To: 'gcc@gcc.gnu.org'; 'vmaka...@redhat.com'
Cc: 'Michael Eager'; Vinod Kathail; Vidhumouli Hunsigida; Nagaraju Mekala
Subject: Live Range Splitting in Integrated Register Allocator


Hello All:

I am planning to implement the Live range splitting based on the following 
cases in the Integrated Register Allocator.

For a given Live range that spans from  from outer region to inner region of 
the loop. Such Live ranges which are LiveIn at the entry of the header of the 
Loop and Live Out at the exit of the loop but there are no references inside 
the  Loop. Such Live ranges lead to unoptimal spill and fetch inside the Loop 
conflicting with the shorter live ranges that spans inside the Loop.
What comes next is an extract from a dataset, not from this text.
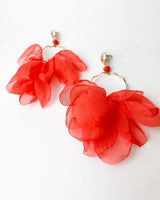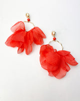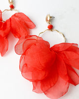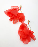 Pendientes color coral en forma de pétalos de flor y hojas en gasa. Preciosidad de pendientes.

Lets say such Live range as L1. L1 can be splitted at the Loop Boundary 
splitting the Live range by making a store at the header of the Loop and the 
Load at the exit of the Loop. This makes the Live range less conflicting with 
the Live ranges that are local to the Loop regions reducing the spill and Fetch 
inside the Loops.

>From the code and documentation of Integrated Register Allocator following is 
>the understanding.

As Live range L1 is live in the outer region but as there are no reference 
inside the Loop region. Since the allocno for L1 for a given variable v is 
assigned two allocno v1 and v2 . V1 being assigned allocno for the outer region 
and v2 as allocno for the inner Loop region. This allows to accumulate the 
information from the inner loop region to outer region.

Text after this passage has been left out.